Look below for the line that contains "Закуска из креветок", then copy it and each following line to the end of the records, minus any pictures.

▶ Material for the task:
- Opening Delimiter -

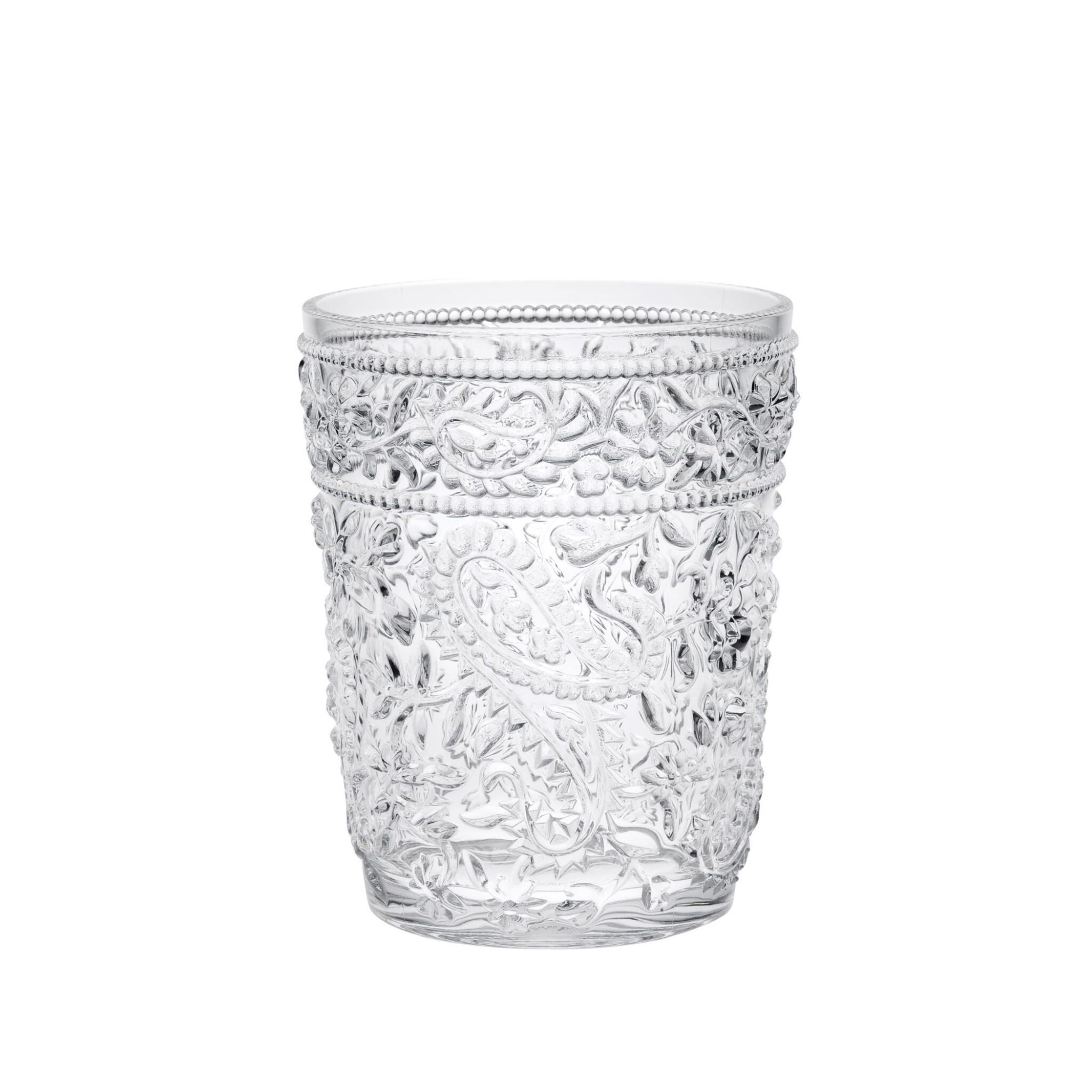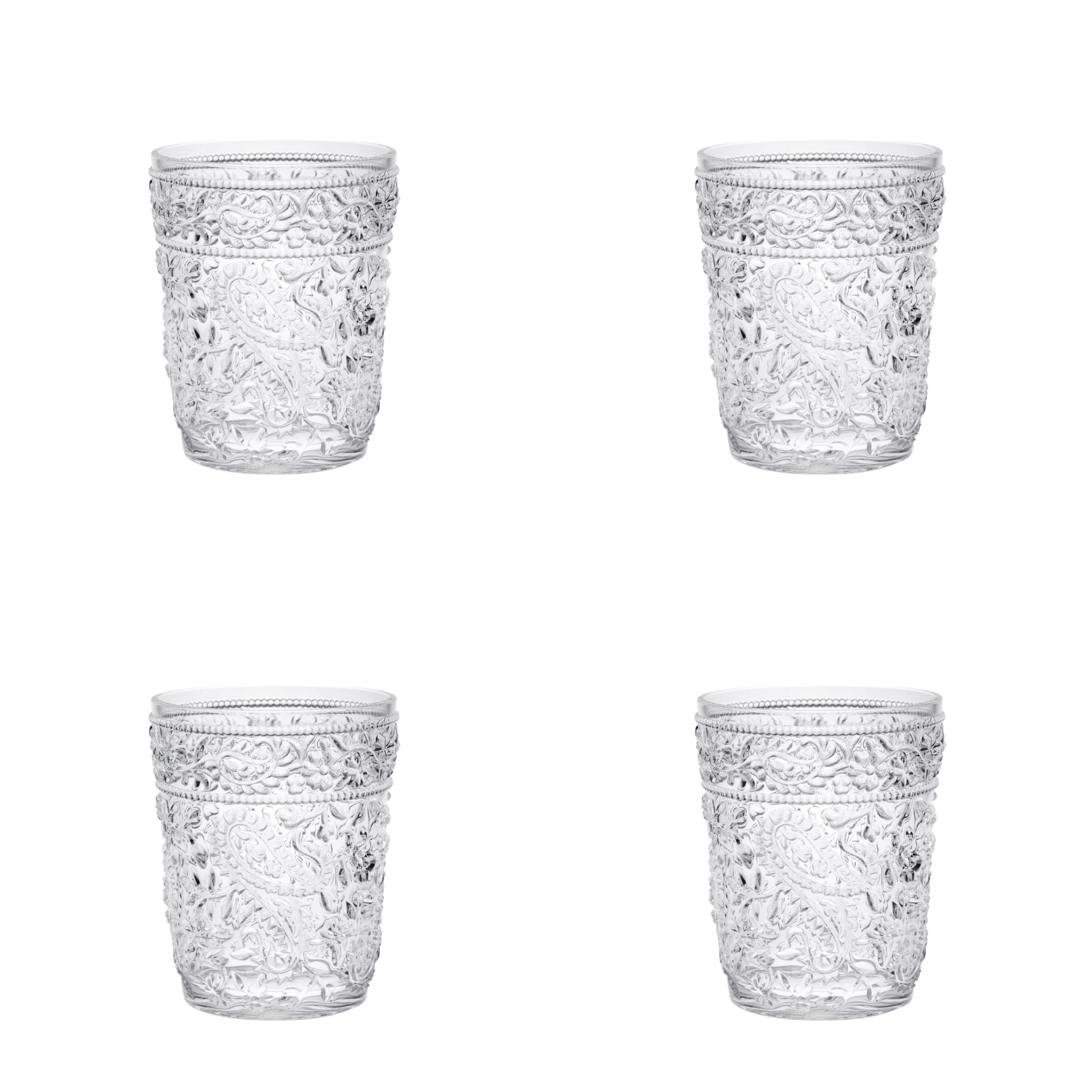 The set of four clear paisley acrylic stemless whiskey glass is a good-looking glass to use for your favorite whiskey but can also be used for most any other drink or beverage. Elevate any occasion with a set of stunning stemware that is as functional as it is beautiful. Whether you prefer a simple or complex flavor profile, stemless glasses offer the perfect vessel to savor every sip. Beautifully machine embossed to give your glassware a bit of design, character, and dimension. Bring a pop of personality to your kitchen or dining room with this paisley pattern. The textured surface gives this a unique and dimensional feel. Whatever your beverage preference, you are certain to enjoy the enhanced flavor and taste that comes with consuming from the proper vessel. 4.25-inch H x 3.38-inch W x 3.38-inch D
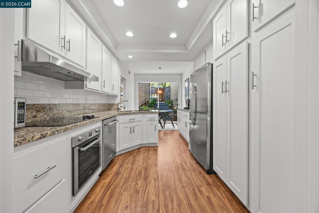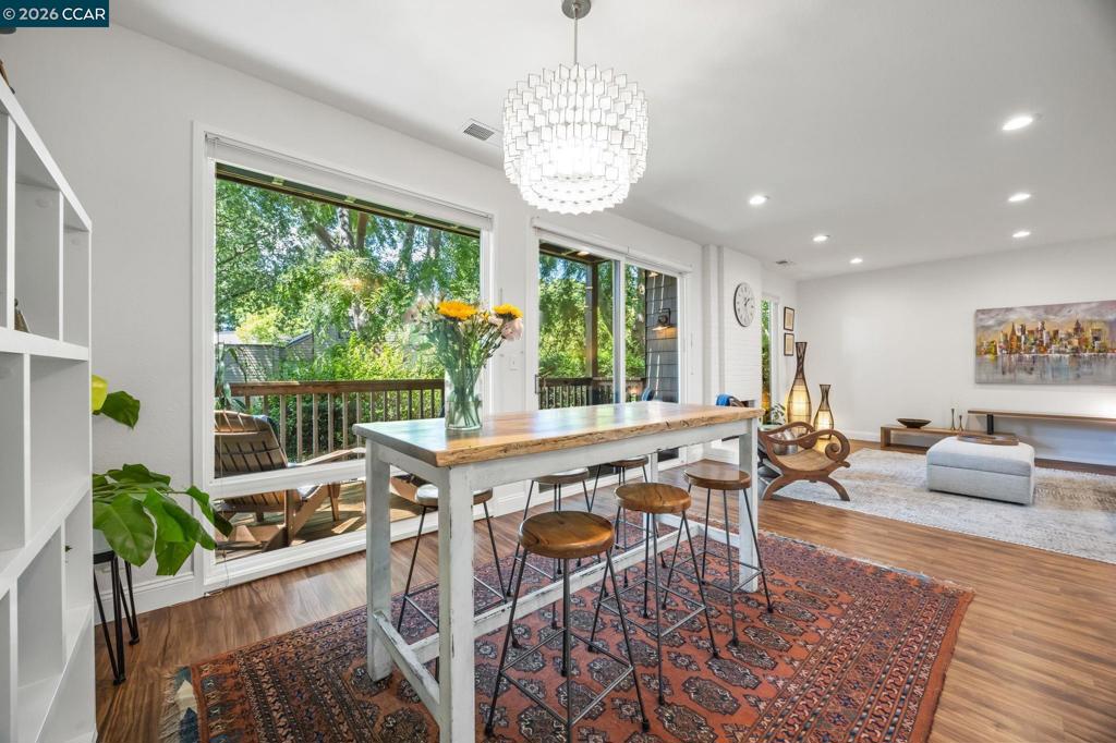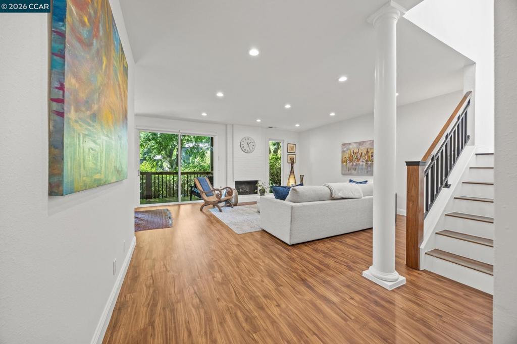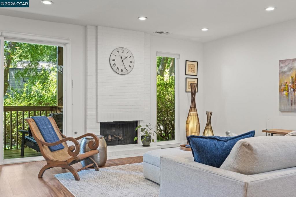 Turnkey living in coveted Summit Ridge! This light-filled 2,433 sq ft townhome is ideally located on a peaceful cul-de-sac, surrounded by open space and scenic hiking trails. A thoughtfully designed floor plan offers seamless flow for everyday living and entertaining. The updated kitchen features refreshed cabinetry (2025), white subway tile backsplash, stone countertops, stainless steel appliances, and a sunny dining area. The formal dining room opens to a private, tree-lined deck, while the spacious living room impresses with soaring ceilings, a fireplace, and abundant natural light. The expansive primary suite is a true retreat with a private balcony, fireplace, spa-like bath, and custom walk-in closet. A versatile bonus space off the suite is perfect for a home office, gym, or den. Two additional bedrooms share a dual-vanity hall bath. Approximately $77K in upgrades include a heat pump HVAC (2023), EV charger (2023), kitchen updates (2025), interior paint (2026), and a new roof scheduled for installation. The community also features modern fiber cement siding (2022) for enhanced curb appeal and fire resistance. Additional highlights include hardwood floors, dual-pane windows, laundry room, and attached 2-car garage. Enjoy pool, clubhouse, greenbelt, and top-rated Lafayette schools - just minutes to BART, freeways, and downtown Lafayette and Walnut Creek.
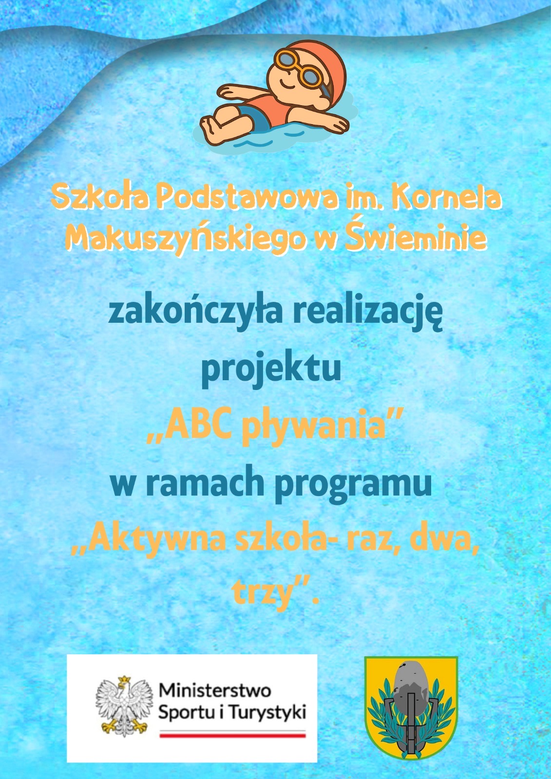 Szkoła Podstawowa im. Kornela Makuszyńskiego w Świeminie zakończyła realizację projektu „ABC pływania” w ramach programu „Aktywna szkoła – raz, dwa, trzy”.
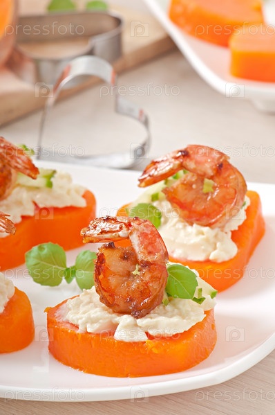 Закуска из креветок и плавленого сыра на сердцах из тыквы
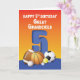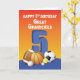 En el frente de esta carta hay un baloncesto, una pelota de fútbol, un fútbol y tres pelotas más pequeñas alrededor del gran número 5. Una tarjeta que fue diseñada para enviar felices saludos de cumpleaños a su adorada bisnieta que estarán celebrando.
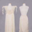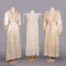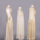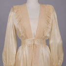 1 crepe back rayon satin robe w/ peach chemical lace gathered collar & deep cuffs, self bow at CF neckline, CF W buttons, B 36”, W 24”, L 55”, (pulls, 0.75” seam opening left armscye & 1.25” right, discoloration) good; 2-pc slip set ℅ cream em silk crepe nightgown w/ cotton fillet lace inserts & schiffli embroidered net panels & 1 half-slip w/ fillet lace trim, B 36”, W 40”, L 48”, slip W 45”, L 31” (wear/fraying to trim, light discoloration elastic shot) both very good; 1 pale yello satin robe w/ beige mm lace over SHs & down CF, slight balloon sleeves, label “Tula”, B 40”, W 28”, L 54”, (slip N/I, hem altered unevenly, light staining, many tiny-0.5" tears at back neckline) good.
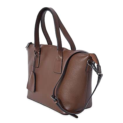 100% Genuine Leather Litchi Pattern Tote Bag with Detachable Shoulder Strap and Zipper Closure (Size 27x14x23 Cm) - Dark Brown

- Closing Delimiter -

▶ Answer for the task:
 Закуска из креветок и плавленого сыра на сердцах из тыквы
 En el frente de esta carta hay un baloncesto, una pelota de fútbol, un fútbol y tres pelotas más pequeñas alrededor del gran número 5. Una tarjeta que fue diseñada para enviar felices saludos de cumpleaños a su adorada bisnieta que estarán celebrando.
 1 crepe back rayon satin robe w/ peach chemical lace gathered collar & deep cuffs, self bow at CF neckline, CF W buttons, B 36”, W 24”, L 55”, (pulls, 0.75” seam opening left armscye & 1.25” right, discoloration) good; 2-pc slip set ℅ cream em silk crepe nightgown w/ cotton fillet lace inserts & schiffli embroidered net panels & 1 half-slip w/ fillet lace trim, B 36”, W 40”, L 48”, slip W 45”, L 31” (wear/fraying to trim, light discoloration elastic shot) both very good; 1 pale yello satin robe w/ beige mm lace over SHs & down CF, slight balloon sleeves, label “Tula”, B 40”, W 28”, L 54”, (slip N/I, hem altered unevenly, light staining, many tiny-0.5" tears at back neckline) good.
 100% Genuine Leather Litchi Pattern Tote Bag with Detachable Shoulder Strap and Zipper Closure (Size 27x14x23 Cm) - Dark Brown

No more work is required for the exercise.